Primitive Nodes
Low-level building blocks for dynamic, composable workflows
Primitive Nodes
Low-level building blocks for composing complex, data-driven workflows.
Overview
Unlike high-level nodes that handle specific tasks, primitives provide simple building blocks that compose into sophisticated patterns:
| Primitive | Purpose | LLM? |
|---|---|---|
EvalNode |
Context manipulation, loop control | No |
DynamicAgentNode |
Agent with runtime config | Yes |
DynamicCommandNode |
Shell with runtime config | No |
Design Philosophy
Primitives over abstractions. Instead of creating a TaskIteratorNode that does everything, we provide simple building blocks:
- EvalNode for pure state transformation
- DynamicAgentNode for AI execution with runtime config
- DynamicCommandNode for shell execution with runtime config
Combined with dynamic then transitions, these primitives enable any control flow pattern.
EvalNode
Pure context transformation without LLM calls.
Use Cases
- Loop index management
- Setting/computing derived values
- Array operations (push, filter, map)
- Conditional value assignment
- Accumulating results
Configuration
schema.eval('INCREMENT', {
// Pure function: state in, partial context out
update: (state) => ({
currentIndex: state.context.currentIndex + 1,
currentTask: state.context.tasks[state.context.currentIndex + 1],
}),
// Transition (static or dynamic)
then: (state) => state.context.currentTask ? 'EXECUTE' : 'DONE',
})
Result Storage
Stores metadata in state.context.lastEvalResult:
interface EvalResult {
success: boolean;
updatedKeys: string[]; // Keys that were updated
duration: number; // Execution time in ms
}
Examples
Increment Loop Counter
schema.eval('INCREMENT', {
update: (state) => ({
currentIndex: state.context.currentIndex + 1,
}),
then: 'CHECK_BOUNDS',
}),
Collect Results
schema.eval('COLLECT', {
update: (state) => ({
results: [...state.context.results, state.context.lastDynamicAgentResult],
}),
then: 'NEXT_ITEM',
}),
Set Current Item from Array
schema.eval('SET_CURRENT', {
update: (state) => {
const idx = state.context.currentIndex;
return {
currentTask: state.context.tasks[idx] ?? null,
};
},
then: (state) => state.context.currentTask ? 'PROCESS' : 'DONE',
}),
DynamicAgentNode
AI agent with configuration resolved at runtime from workflow state.
Use Cases
- Dynamic model selection per task
- Prompts generated by previous nodes
- Tool sets that vary based on context
- Per-task system prompts
Configuration
schema.dynamicAgent('EXECUTE_TASK', {
// Model: static or dynamic
model: (state) => state.context.currentTask.model, // 'haiku' | 'sonnet' | 'opus'
// Prompt: static or dynamic
prompt: (state) => state.context.currentTask.prompt,
// Optional system prompt (separate from user prompt)

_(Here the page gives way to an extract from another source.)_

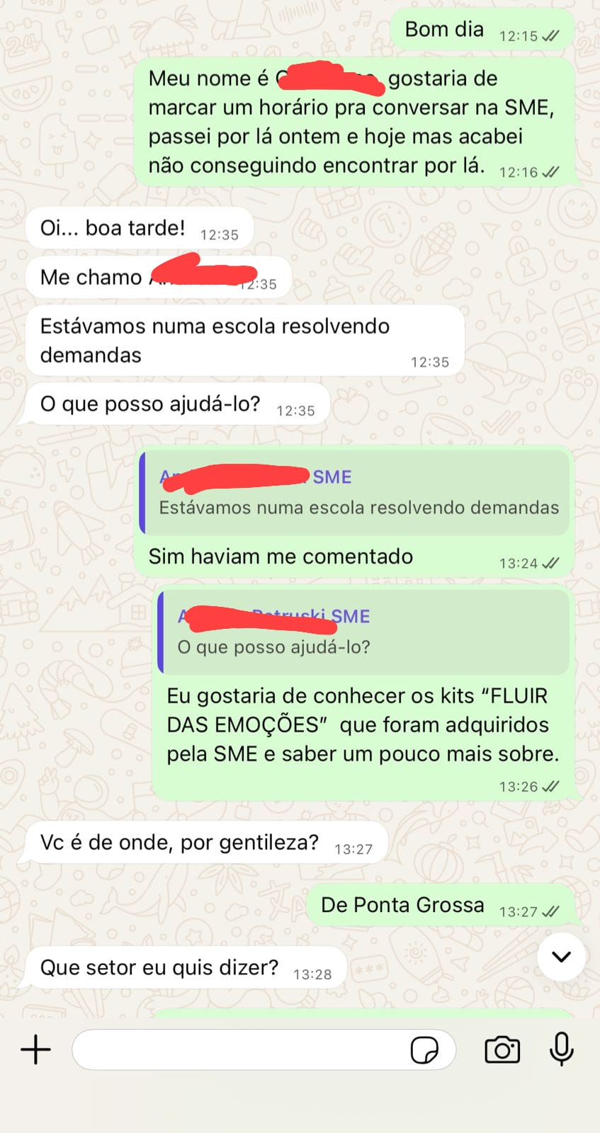 A Secretaria Municipal de Educação não atendeu aos questionamentos da Equipe do Portal MZ Notícias e para a população não quis apresentar os kits, não falou sobre o valor e menos ainda o meio de contratação da empresa. Em uma denúncia enviada com exclusividade para a reportagem, a responsável pelo material na SME não quis responder e disse que não era “prudente” dar as respostas, veja nas imagens:

system: 'You are a helpful assistant.',
// Tools: static or dynamic
capabilities: (state) => state.context.currentTask.tools ?? [StdlibTool.Read, StdlibTool.Write],
// Optional settings
maxTurns: 10,
temperature: 0,
maxTokens: 4096,
then: 'COLLECT_RESULT',
})
Dynamic Type
All configuration values support the Dynamic<T> type:
// Static value
model: AgentModel.Sonnet
// Dynamic value from state
model: (state) => state.context.currentTask.model
Result Storage
Stores result in state.context.lastDynamicAgentResult:
interface DynamicAgentResult {
success: boolean;
response: string;
model: string; // Actual model ID used
usage: {
inputTokens: number;
outputTokens: number;
};
error?: string;
duration: number;
}
Example: Task with Dynamic Model
schema.dynamicAgent('EXECUTE_TASK', {
model: (state) => {
// Use opus for complex tasks, haiku for simple ones
const task = state.context.currentTask;
return task.complexity === 'high' ? AgentModel.Opus : AgentModel.Haiku;
},
prompt: (state) => state.context.currentTask.prompt,
capabilities: [StdlibTool.Read, StdlibTool.Write, StdlibTool.Bash],
then: 'VERIFY',
}),
DynamicCommandNode
Shell command with configuration resolved at runtime.
Use Cases
- Commands generated by previous nodes
- Working directories that vary per task
- Environment variables from context
- Dynamic timeouts
- Injection-safe execution with user input
Configuration
schema.dynamicCommand('RUN_SCRIPT', {
// Command: static or dynamic (string or array)
command: (state) => state.context.currentTask.command,
// Working directory: static or dynamic
cwd: (state) => state.context.projectDir,
// Environment variables: static or dynamic
env: (state) => ({
NODE_ENV: 'test',
...state.context.envOverrides,
}),
// Timeout in ms: static or dynamic
timeout: 60000,
then: 'CHECK_RESULT',
})
Command Formats
Commands support both string and array forms:
// String: shell execution (supports pipes, redirects)
command: (state) => `bun test ${state.context.module}`
// Array: direct execution (safer for user input)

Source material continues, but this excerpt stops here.